> WHAT YOU WILL DO
Print, exactly as written, the line in the entries below that contains "Arriba, sus majestades" and every line after it up to and including the last. Omit pictures.

++++

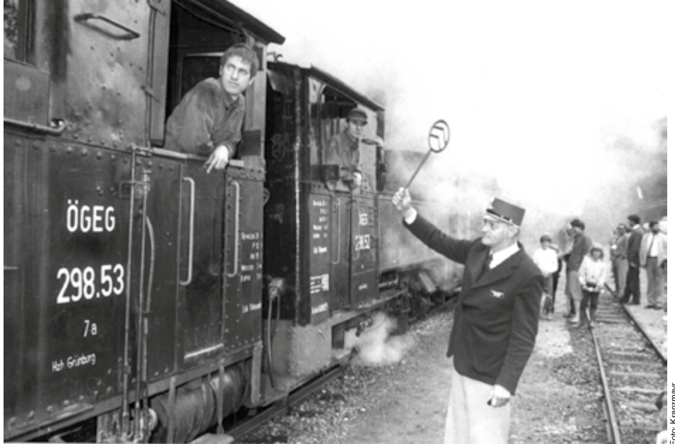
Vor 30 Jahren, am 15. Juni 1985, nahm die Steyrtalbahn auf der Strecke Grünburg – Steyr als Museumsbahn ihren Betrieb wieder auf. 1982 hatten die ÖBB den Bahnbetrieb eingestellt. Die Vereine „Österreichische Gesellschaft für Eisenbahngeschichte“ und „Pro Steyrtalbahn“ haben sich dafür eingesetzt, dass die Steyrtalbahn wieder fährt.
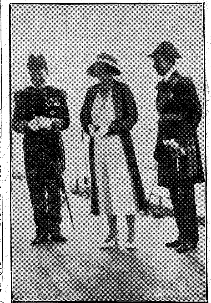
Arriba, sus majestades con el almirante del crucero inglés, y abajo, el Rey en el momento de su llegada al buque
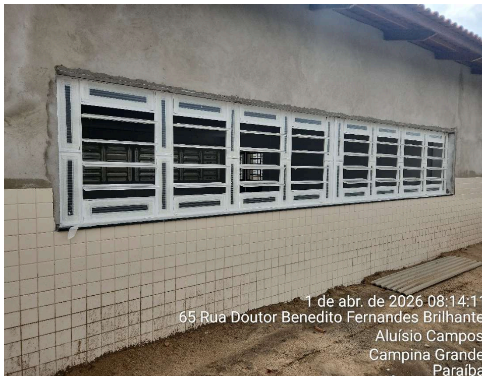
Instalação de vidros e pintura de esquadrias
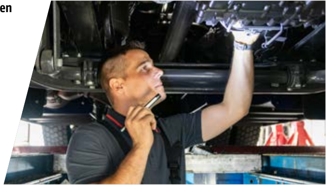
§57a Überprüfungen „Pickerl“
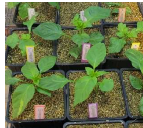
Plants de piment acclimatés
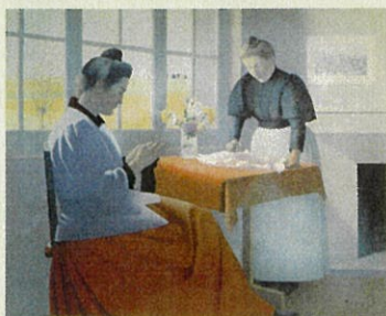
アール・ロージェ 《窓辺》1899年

++++

> RESPONSE AREA
Arriba, sus majestades con el almirante del crucero inglés, y abajo, el Rey en el momento de su llegada al buque
Instalação de vidros e pintura de esquadrias
§57a Überprüfungen „Pickerl“
Plants de piment acclimatés
アール・ロージェ 《窓辺》1899年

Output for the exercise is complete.